1965, e le spese sociali: nel 1960, ad esempio, Kennedy incentrò tutta la propria campagna elettorale con una promessa di portare la crescita annua al 5%, escludendo dal novero delle possibilità per riequilibrare il sistema monetario internazionale manovre sui tassi d’interesse o misure fiscali restrittive. Anche l’arma della svalutazione, che avrebbe posto fine alla supremazia del dollaro come valuta di riferimento mondiale, non era praticabile, in quanto sarebbe stata interpretata come una chiara dichiarazione di fallimento.
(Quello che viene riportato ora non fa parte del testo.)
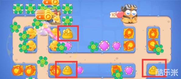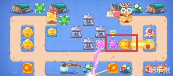 3、我们第三波在拐角位置放满级火炮瓶,魔法球,锁定钱袋依次拆除障碍物。
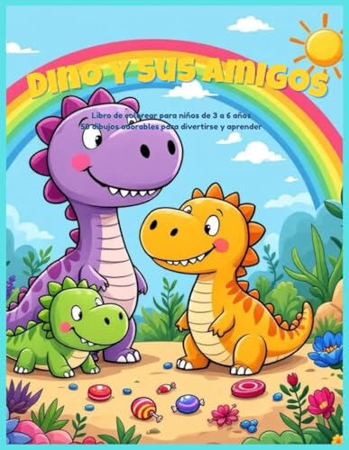 Dino y sus amigos: Libro de colorear para niños de 3 a 6 años — 50 dibujos adorables para divertirse y aprender
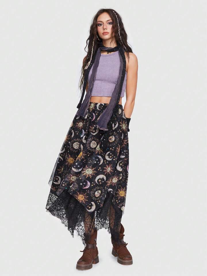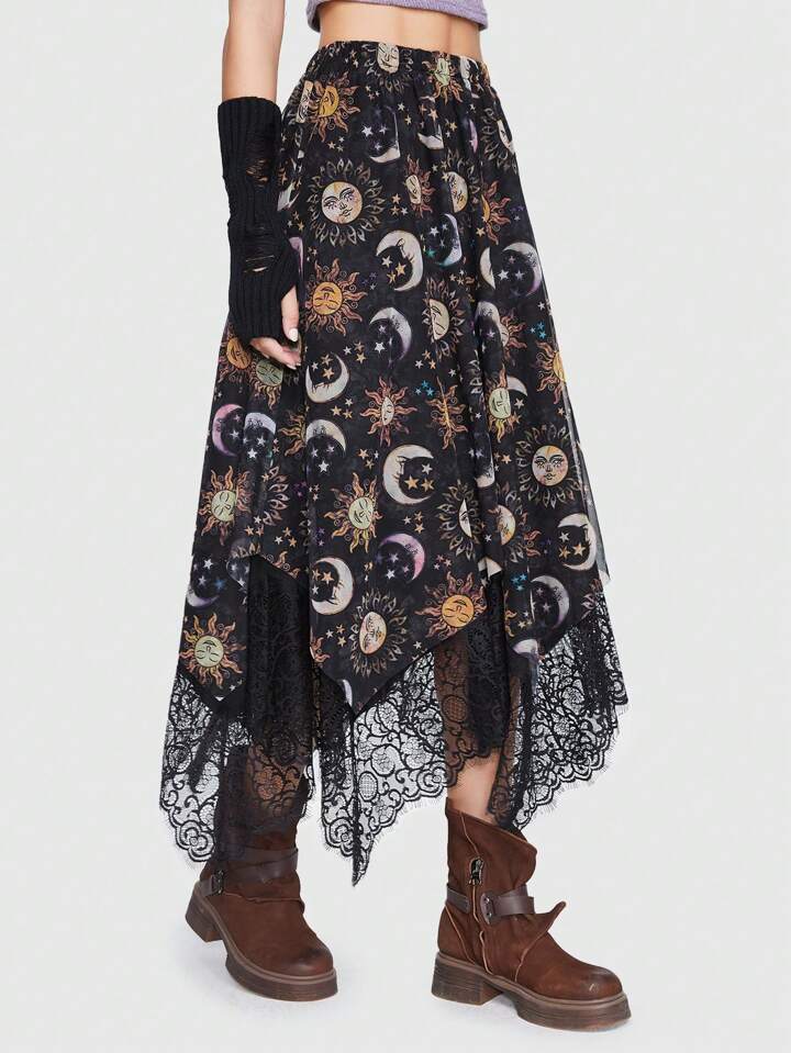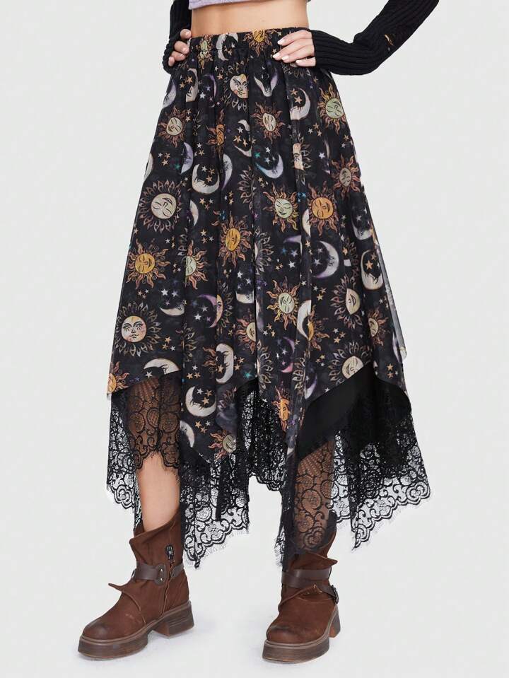 Hippie Jupe Soleil Et Lune En Dentelle Ourlet Hanky

Tuttavia, proprio la campagna elettorale di Kennedy con lo slogan «to get America moving again», venne interpretata come anticipatrice di possibile politiche inflazionistiche, che provocarono la prima crisi sul mercato dell’oro di Londra fin dalla sua riapertura nel 1954: gli speculatori, infatti, per timore di una svalutazione, portarono il prezzo dell’oro sul mercato privato londinese dai 35,20 dollari all’oncia, prezzo a cui l’oro veniva comprato dal Tesoro statunitense, fino a 40 dollari all’oncia. La soluzione, temporanea, venne trovata in un accordo tra banche centrali con la nascita, come vedremo a breve, del cosiddetto Gold Pool nel novembre del 1961.
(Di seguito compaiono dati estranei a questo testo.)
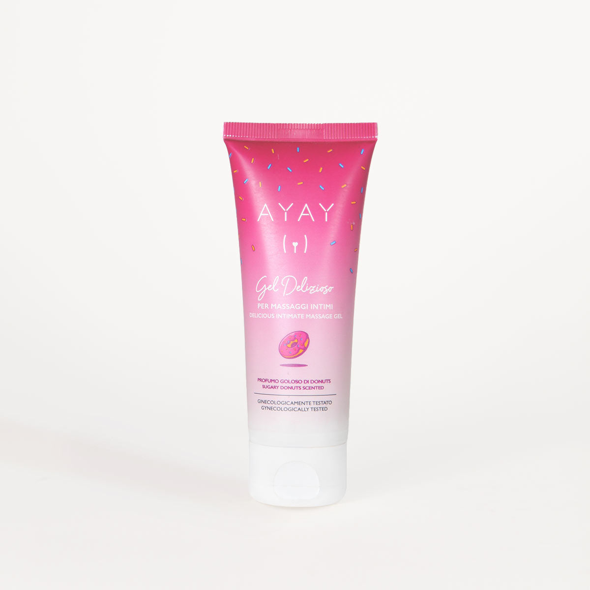 Je suis le premier gel de massage total body pour des massages érotiques sensuels d'AYAY : totalement sûr, Made in Italy, avec un parfum sucré et irrésistible inspiré des donuts, conçu pour augmenter le plaisir féminin et masculin. Je ne laisse pas de film gras, je ne tâche pas et je suis testé gynécologiquement. Parfait pour des massages sensuels sur tout le corps grâce à ma texture hydratante, ma composition propre et naturelle à base d'eau. Si jamais tu me frôles avec tes lèvres ou si tu m'ingères en petites quantités, ce n'est pas un problème 😏 Mon parfum délicieux stimule les sens et réveille les appétits les plus irrésistibles, t'emmenant à un nouveau niveau de plaisir avec ma texture riche et hydratante.
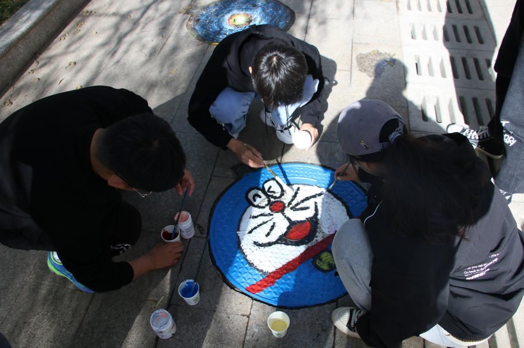 首先,同学们带水桶和扫把对所选井盖进行清理,确保颜料可以清晰上色。随后,开始调配颜料进行绘画,整个活动在学生们的欢声笑语中进行。最后,经过学生们2个多小时的执笔绘画,全部作品都被完美的呈现在了小小的井盖上。原本“灰头土脸”的井盖在学生的妙笔下变得充满生机与活力。有学生说:“愿我的一笔之力能够温暖寒冬里的行人。”
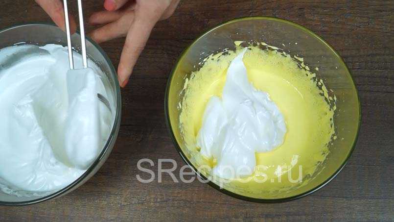 В желтковую массу добавить примерно 1/3 часть белков и перемешать.
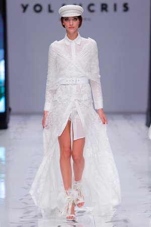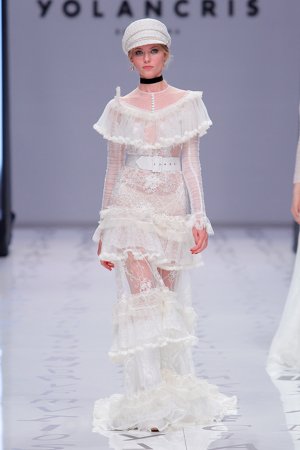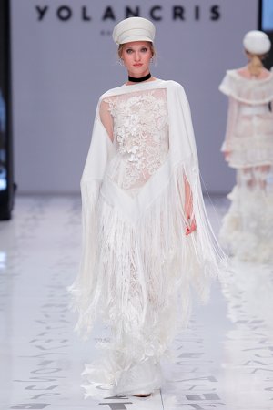 YolanCris für mich ist genau DAS: Freiheit zu sein wie man will. Sich über keine Normen zu identifizieren. Die Brautkollektion ist wieder einmal nicht bloss eine Sammlung von hübschen Kleidern sondern viel mehr eine Kunstaustellung. Was ich bei so vielen Labels jedes Jahr aufs Neue sehe nämlich wie wenig sich die Kollektionen von Jahr zu Jahr unterscheiden. Manche Designer setzen überhaupt gern die copy-paste Schere an und denken sich das war’s. Bei YolanCris sieht man Künstler am Werk. Kann schon sein, dass in unseren Breitengraden diese Mode als „untragbar“ gilt und sich zu wenig Bräute trauen unkonventionelle Mode zu tragen aber das heisst ja nicht, dass ich nur Pronovias, Rosa Clara & Co zeigen muss! Nein, ich darf auch Kunst zeigen und die eine oder andere Braut findet vielleicht die eine oder andere Inspiration und wag es anders zu sein.
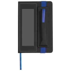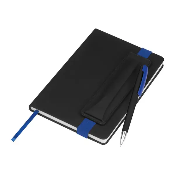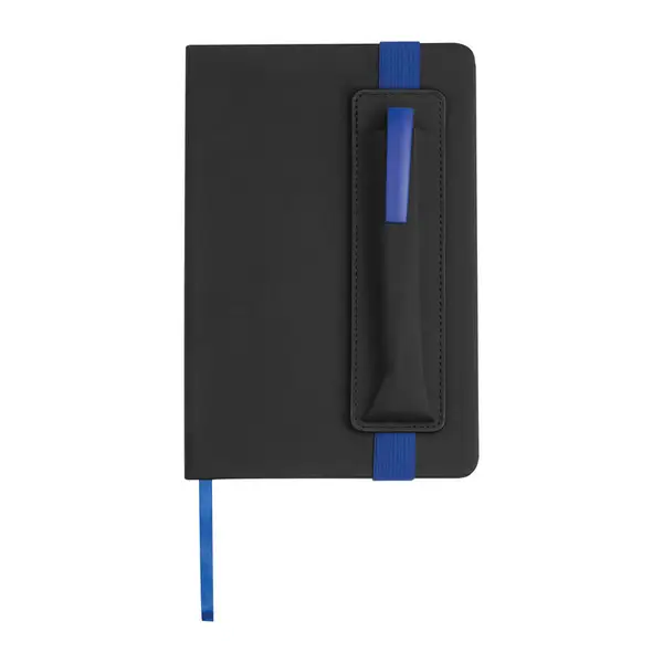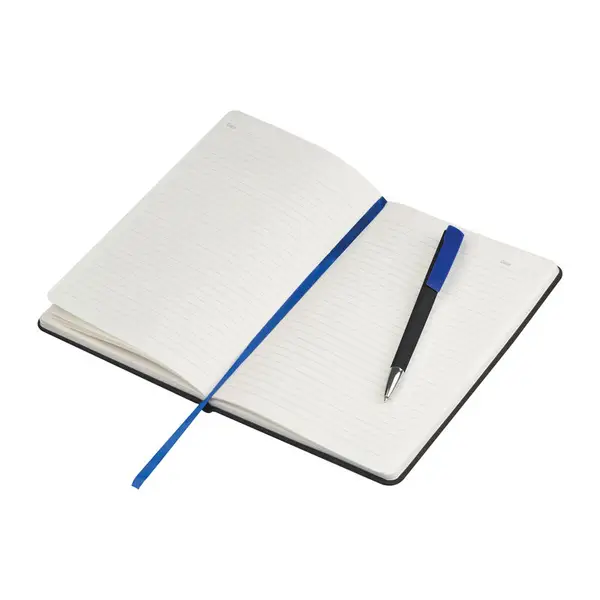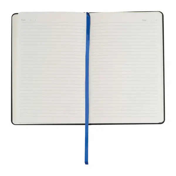 A5 méretű elegáns notesz PU borítással, 192 vonalas oldallal, könyvjelzővel és tolltartóval.
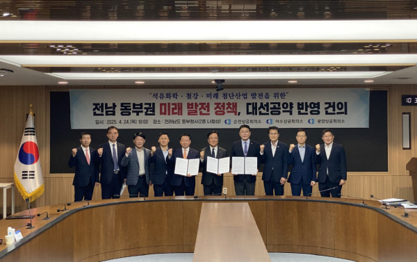 특히 여수국가산단을 비롯한 광양만권 지역을 산업위기 대응 특별지역으로 지정하고 국가기간산업 위기극복 특별법과 여천선 재활용을 통한 공공 SOC 구축 지원 등을 전남 동부권 미래발전 정책과제에 담아 촉구했다.
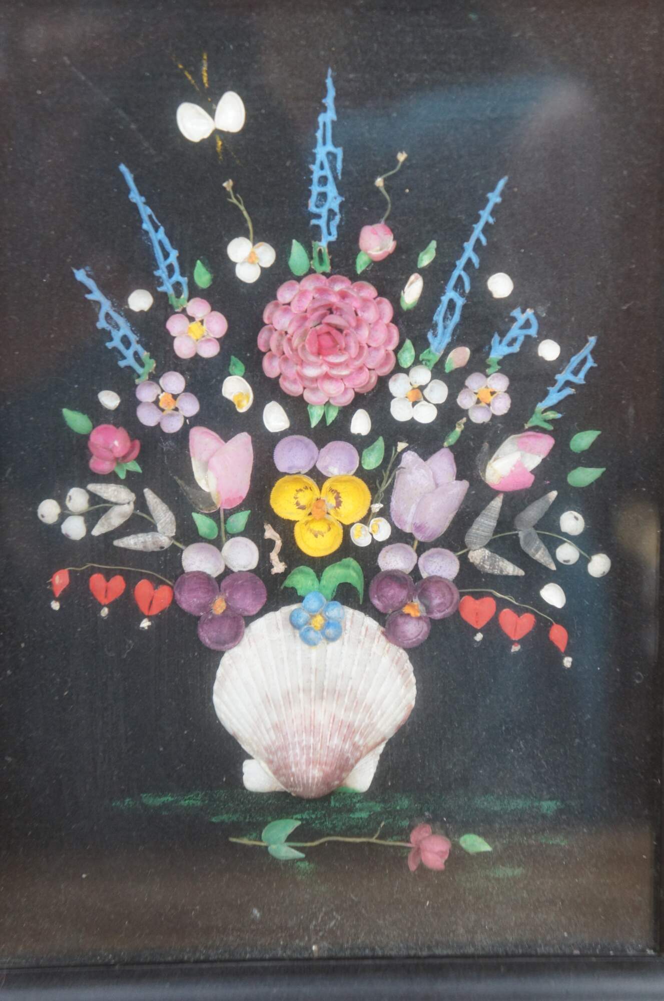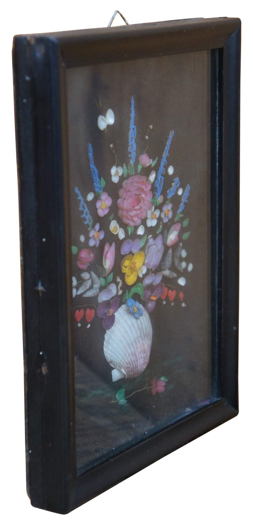 Small shadow box with tiny shells painted and placed to look like a floral arrangement. Made by Mrs Lehman of Detroit

In queste condizioni, il sistema di Bretton Woods riuscì a sopravvivere durante gli anni Sessanta e fino al 1971 grazie, principalmente, ad iniziative di cooperazione a livello internazionale tra Stati e banche centrali, che tornò in auge dopo quasi trent’anni di interruzione: un esempio di tale cooperazione è fornito dalla decisione, simbolica oltre che pragmatica, presa dai governatori delle varie banche centrali di incontrarsi presso la Banca dei Pagamenti Internazionali a Basilea con cadenza mensile, per scambiarsi informazioni, suggerimenti e decidere le mosse da applicare.
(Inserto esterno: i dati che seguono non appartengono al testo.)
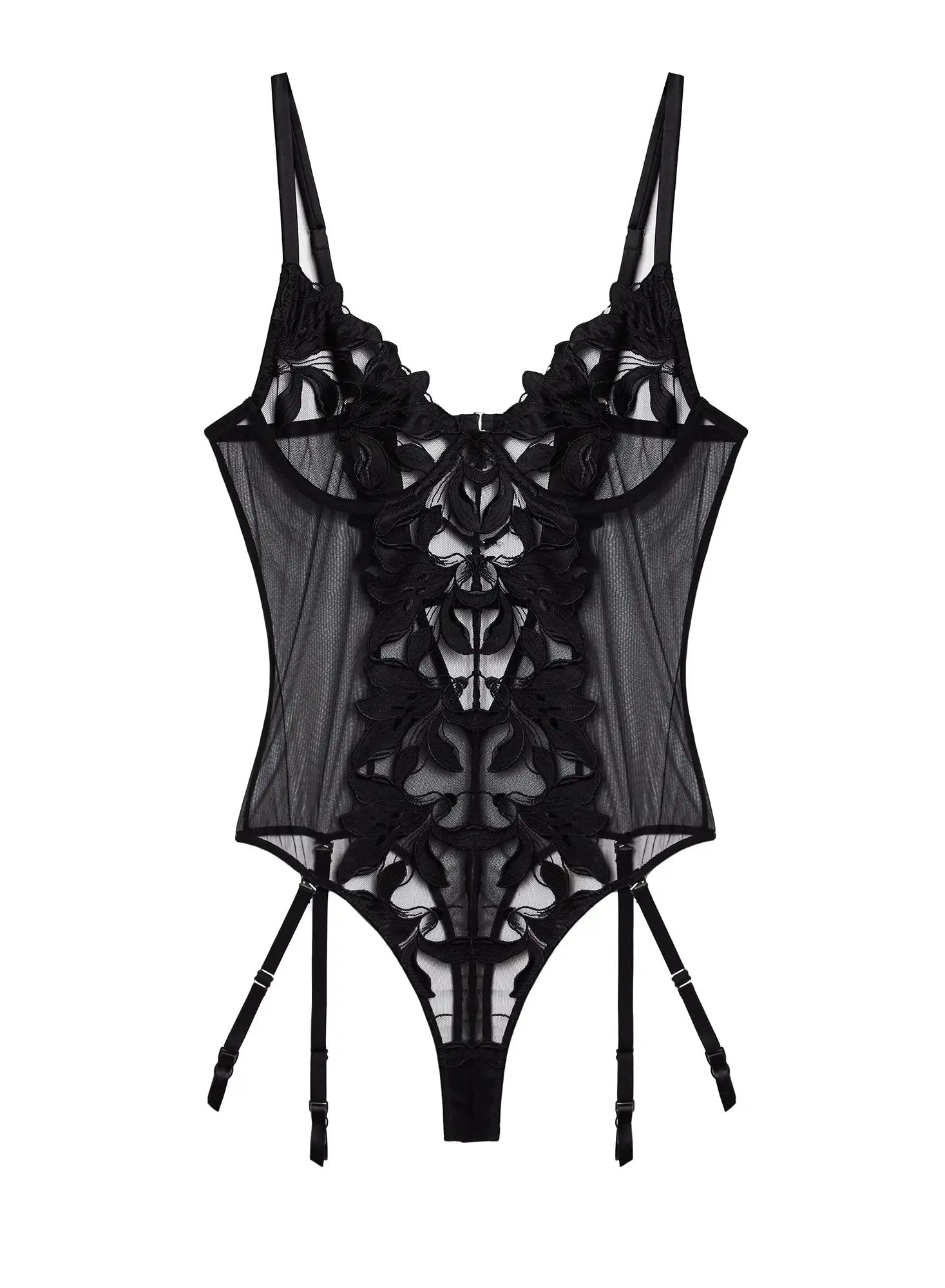 Fleur Du Mal Lily Embroidery Cupped Bodysuit
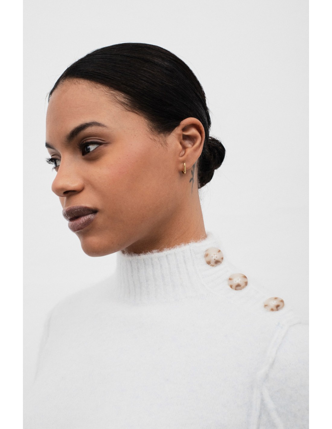 Jersey de manga larga y cuello alto con detalle de botonadura lateral en cuello y hombro. Los puños tienen botones que permiten crear un elegante pliegue, añadiendo un toque único y sofisticado.
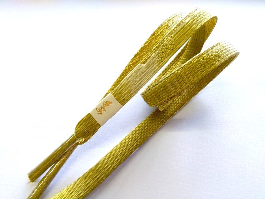 - 正絹帯締め 平組み 手ぐみ 緑黄色 渋黄緑 新品 048 ggp
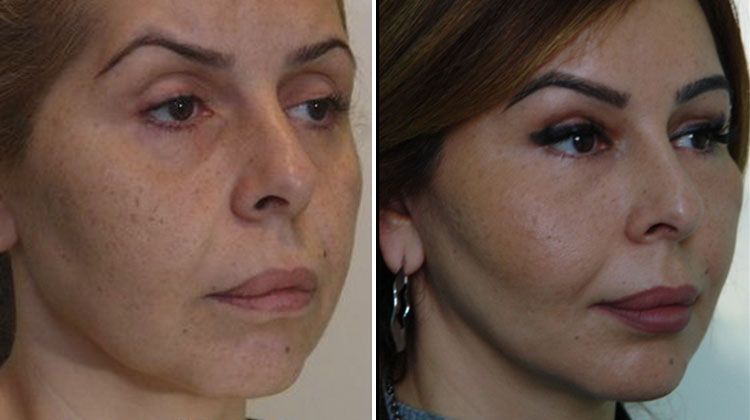 Пациентка 40 лет поступила в отделение с желанием устранить возрастные изменения в области лица. Ранее в другой клинике пациентке выполнили нижнюю блефаропластику с иссечением тканей, что позднее привело к выраженному западению тканей в подглазничной области и синдрому ‘’круглого глаза'. Также отмечается гипоплазия (недоразвитие) подбородка и птоз верхних век с западением тканей в этой области. Верхние веки при подобном птозе имеют высокую складку, которая смещена далеко под крышу орбиты и вместе с западением верхних век и контурированием костной орбиты (скелетизация) это придает человеку нездоровый вид. При этом веки опущены на зрачковую линию и наблюдается сужение поля зрения, а в сочетании с западениями в височных областях, возрастные изменения приводят к изможденному виду.

Dopo la rivalutazione del marco del 4 marzo 1961, ad esempio, le pressioni sulla sterlina si intensificarono, portando alla stipula di alcuni accordi di scambio tra le banche centrali, che prevedevano l’impegno a mantenere i loro saldi in valuta anziché convertirli in oro, fornendo anche un miliardo di dollari alla Gran Bretagna. Un ulteriore prestito agli inglesi fu fornito, nel 1964, dalla Fed di New York, in quanto gli americani, dato che la sterlina era la seconda valuta di riserva internazionale e, una sua svalutazione, avrebbe comportato forti pressioni sul dollaro, si impegnarono a far sì che il valore della divisa inglese non cadesse aprendo una linea di credito di tre miliardi di dollari verso la Gran Bretagna.

Altre due iniziative devono essere prese in considerazione in questo quadro di eventi: il Gold Pool, che funzionò nel periodo 1961-1967, e i diritti speciali di prelievo presso l’FMI, le cui trattative, iniziate nel 1963, si conclusero nel 1967 con disposizioni che entrarono effettivamente in regime nel 1969. I negoziati per

creare nuove riserve, alternative al dollaro, furono inaugurati dal Gruppo dei Dieci, ovvero il G-10. Nel 1961, quindi, le nazioni industrializzate decisero, attraverso gli Accordi Generali di Prestito, di aumentare la proprio quota, denominata nelle varie valute nazionali, per un totale di sei miliardi di dollari, legando l’accesso a queste risorse all’approvazione dei ministri delle finanze dei paesi industrializzati. Nel 1963 venne inoltre creato un gruppo composto da alti delegati finanziari, che propose un altro aumento delle quote dei paesi, pari al 25%, che venne eseguito nel 1966.